### EXCERPTED RECORDS ###

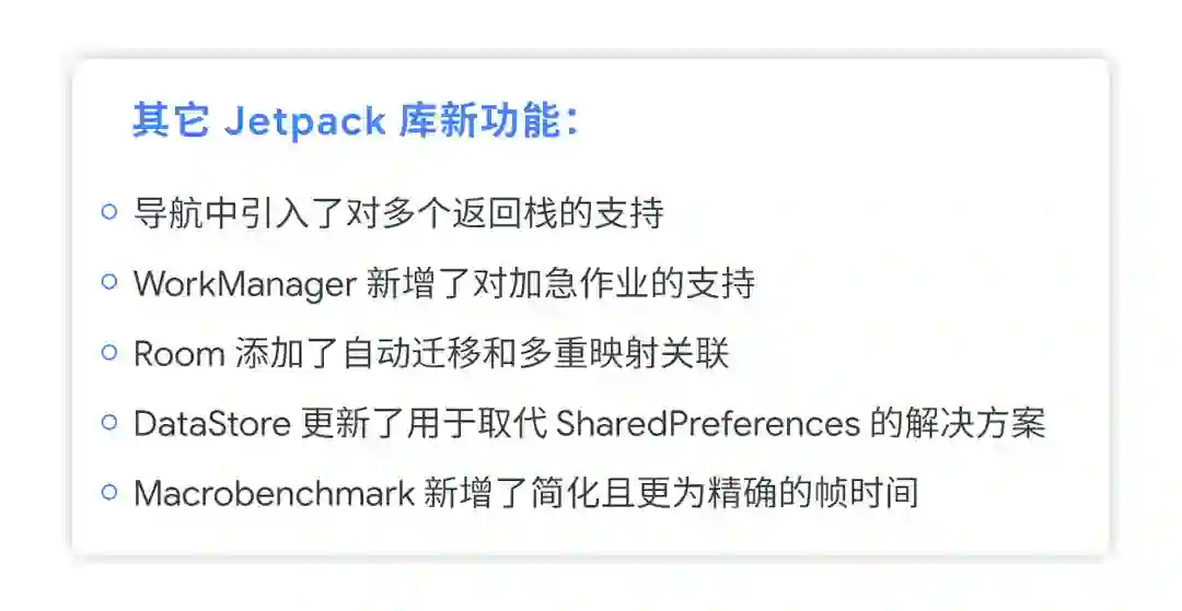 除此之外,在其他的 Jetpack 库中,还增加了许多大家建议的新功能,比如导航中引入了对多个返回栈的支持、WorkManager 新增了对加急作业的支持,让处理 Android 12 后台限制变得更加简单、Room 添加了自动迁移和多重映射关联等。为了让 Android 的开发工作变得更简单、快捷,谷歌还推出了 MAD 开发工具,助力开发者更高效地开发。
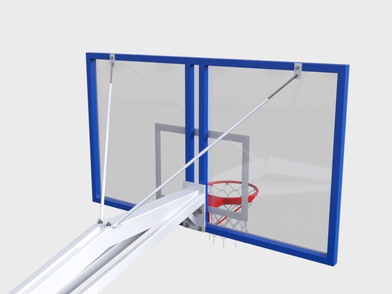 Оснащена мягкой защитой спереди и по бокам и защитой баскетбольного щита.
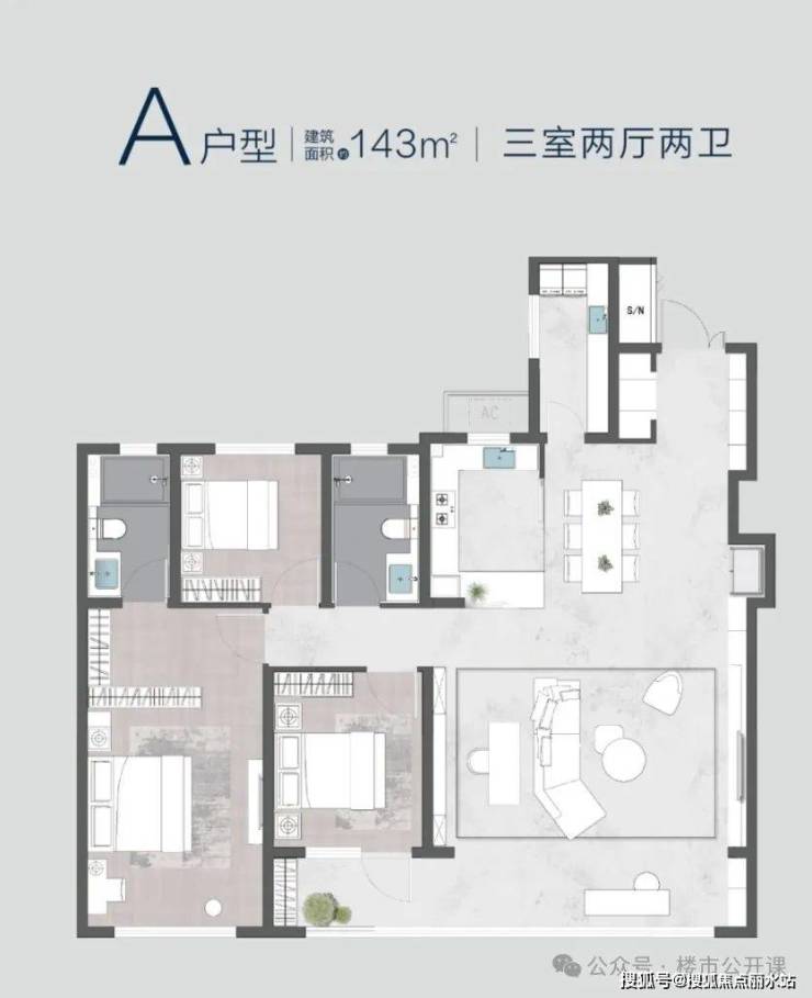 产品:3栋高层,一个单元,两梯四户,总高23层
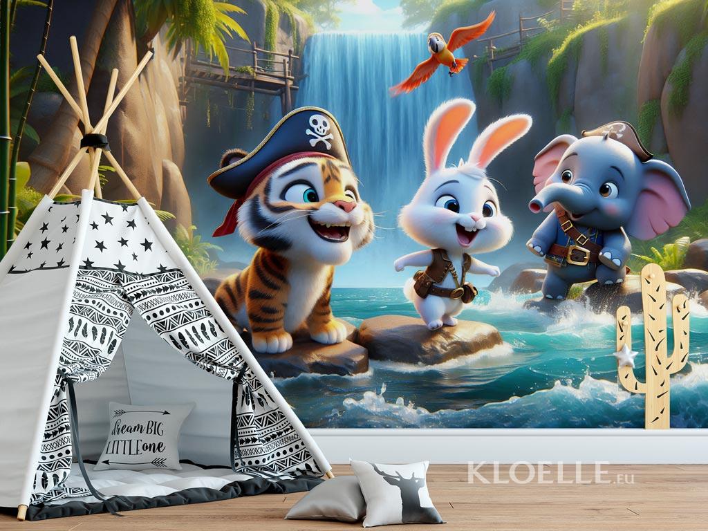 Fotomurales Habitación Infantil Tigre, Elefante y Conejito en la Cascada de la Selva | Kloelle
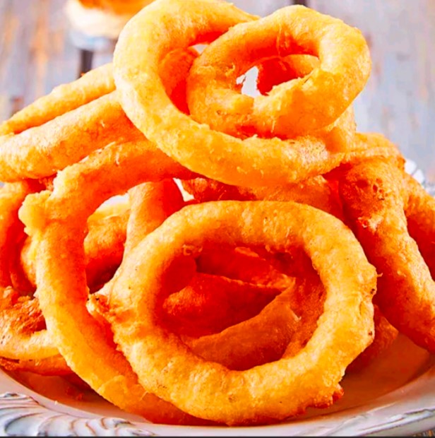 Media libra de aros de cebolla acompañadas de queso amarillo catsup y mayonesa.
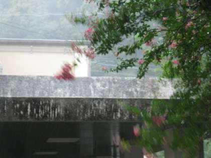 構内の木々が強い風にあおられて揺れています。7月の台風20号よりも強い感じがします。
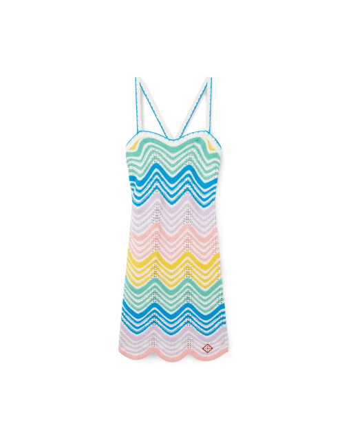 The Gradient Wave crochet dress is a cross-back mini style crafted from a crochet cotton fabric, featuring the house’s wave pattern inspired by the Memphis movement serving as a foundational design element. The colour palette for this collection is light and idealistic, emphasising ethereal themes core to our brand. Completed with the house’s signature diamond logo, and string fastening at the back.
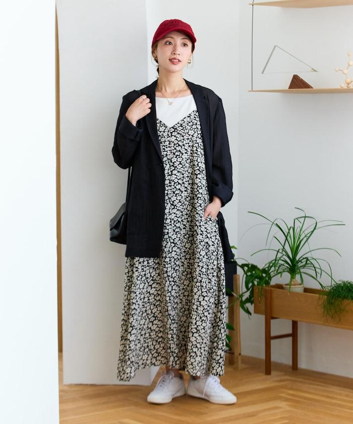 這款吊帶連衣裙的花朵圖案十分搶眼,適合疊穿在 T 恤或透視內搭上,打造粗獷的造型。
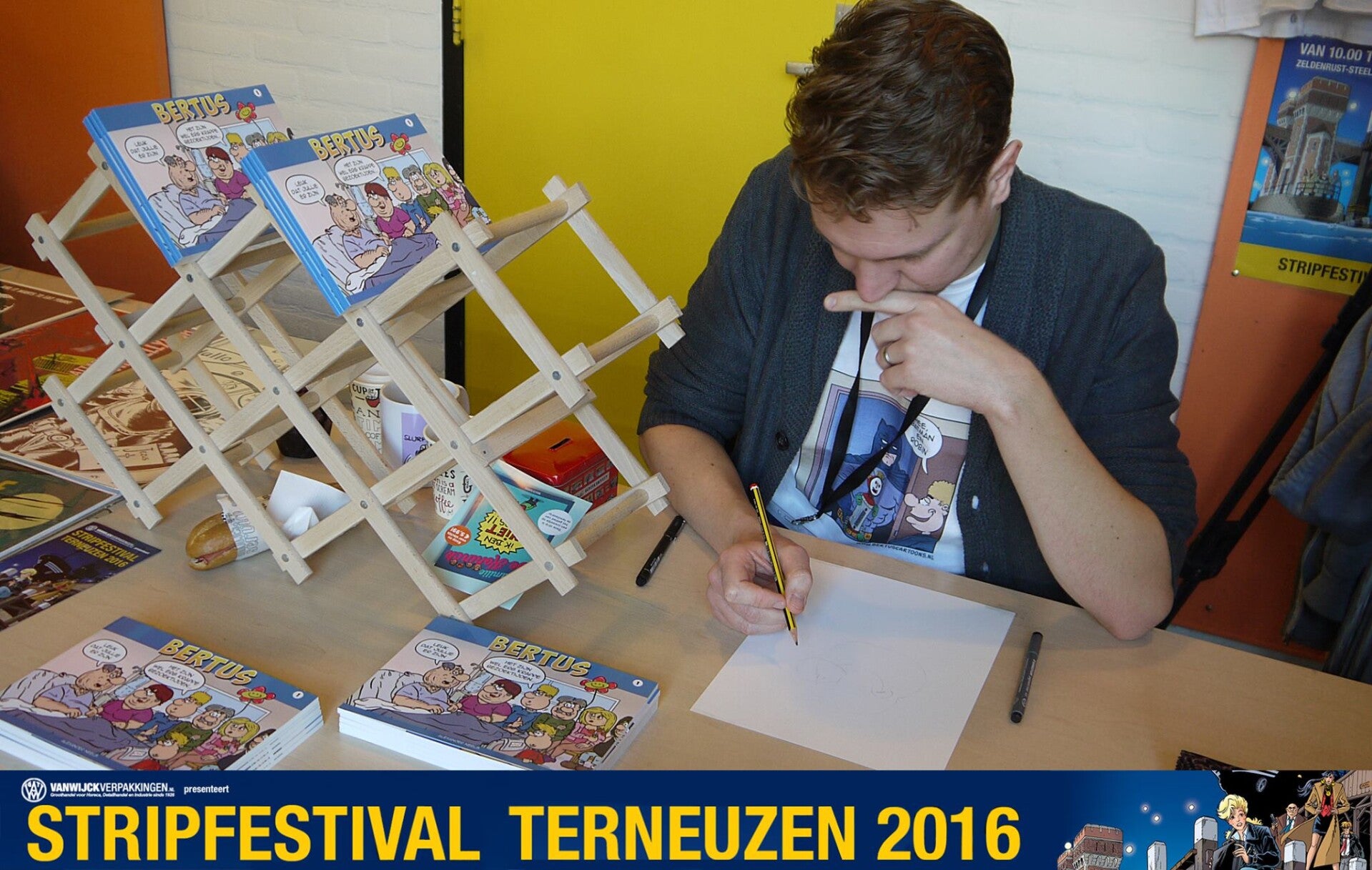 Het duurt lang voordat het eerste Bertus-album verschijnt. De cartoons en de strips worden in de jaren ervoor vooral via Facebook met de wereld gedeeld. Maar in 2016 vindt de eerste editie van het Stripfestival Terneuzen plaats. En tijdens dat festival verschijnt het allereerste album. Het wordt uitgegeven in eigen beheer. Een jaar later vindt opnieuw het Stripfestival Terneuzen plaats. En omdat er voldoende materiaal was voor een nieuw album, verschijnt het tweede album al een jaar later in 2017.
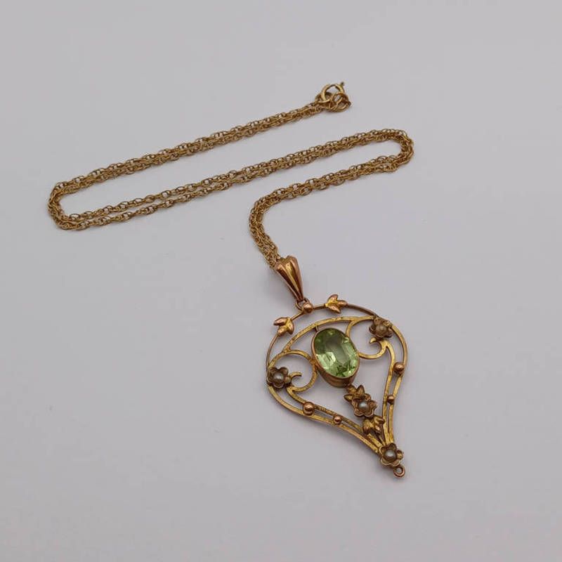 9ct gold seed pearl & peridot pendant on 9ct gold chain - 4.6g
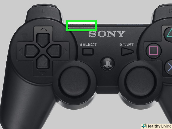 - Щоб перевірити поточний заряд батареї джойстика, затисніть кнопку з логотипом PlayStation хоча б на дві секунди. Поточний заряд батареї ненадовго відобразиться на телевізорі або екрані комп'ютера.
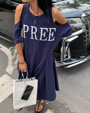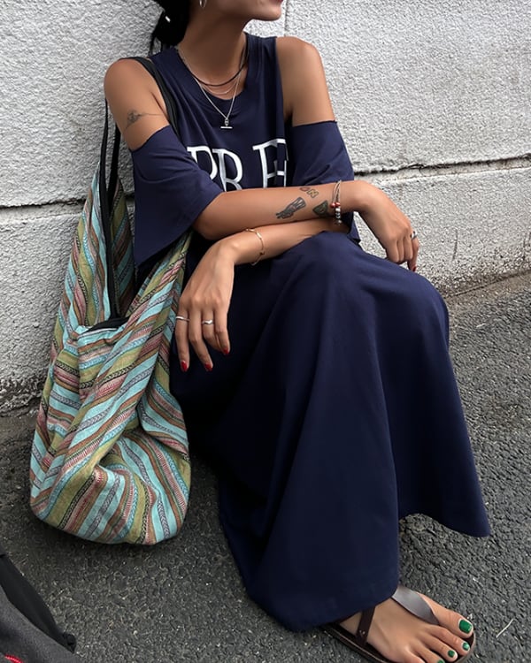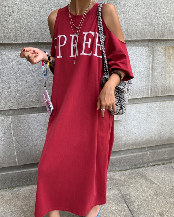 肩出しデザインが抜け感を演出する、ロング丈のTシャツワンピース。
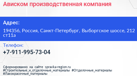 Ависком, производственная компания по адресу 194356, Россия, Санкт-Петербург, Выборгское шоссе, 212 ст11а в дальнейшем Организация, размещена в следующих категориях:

###

Can you retype every record above exactly, leaving out the pictures?

- **TASK RESULT**
 除此之外,在其他的 Jetpack 库中,还增加了许多大家建议的新功能,比如导航中引入了对多个返回栈的支持、WorkManager 新增了对加急作业的支持,让处理 Android 12 后台限制变得更加简单、Room 添加了自动迁移和多重映射关联等。为了让 Android 的开发工作变得更简单、快捷,谷歌还推出了 MAD 开发工具,助力开发者更高效地开发。
 Оснащена мягкой защитой спереди и по бокам и защитой баскетбольного щита.
 产品:3栋高层,一个单元,两梯四户,总高23层
 Fotomurales Habitación Infantil Tigre, Elefante y Conejito en la Cascada de la Selva | Kloelle
 Media libra de aros de cebolla acompañadas de queso amarillo catsup y mayonesa.
 構内の木々が強い風にあおられて揺れています。7月の台風20号よりも強い感じがします。
 The Gradient Wave crochet dress is a cross-back mini style crafted from a crochet cotton fabric, featuring the house’s wave pattern inspired by the Memphis movement serving as a foundational design element. The colour palette for this collection is light and idealistic, emphasising ethereal themes core to our brand. Completed with the house’s signature diamond logo, and string fastening at the back.
 這款吊帶連衣裙的花朵圖案十分搶眼,適合疊穿在 T 恤或透視內搭上,打造粗獷的造型。
 Het duurt lang voordat het eerste Bertus-album verschijnt. De cartoons en de strips worden in de jaren ervoor vooral via Facebook met de wereld gedeeld. Maar in 2016 vindt de eerste editie van het Stripfestival Terneuzen plaats. En tijdens dat festival verschijnt het allereerste album. Het wordt uitgegeven in eigen beheer. Een jaar later vindt opnieuw het Stripfestival Terneuzen plaats. En omdat er voldoende materiaal was voor een nieuw album, verschijnt het tweede album al een jaar later in 2017.
 9ct gold seed pearl & peridot pendant on 9ct gold chain - 4.6g
 - Щоб перевірити поточний заряд батареї джойстика, затисніть кнопку з логотипом PlayStation хоча б на дві секунди. Поточний заряд батареї ненадовго відобразиться на телевізорі або екрані комп'ютера.
 肩出しデザインが抜け感を演出する、ロング丈のTシャツワンピース。
 Ависком, производственная компания по адресу 194356, Россия, Санкт-Петербург, Выборгское шоссе, 212 ст11а в дальнейшем Организация, размещена в следующих категориях:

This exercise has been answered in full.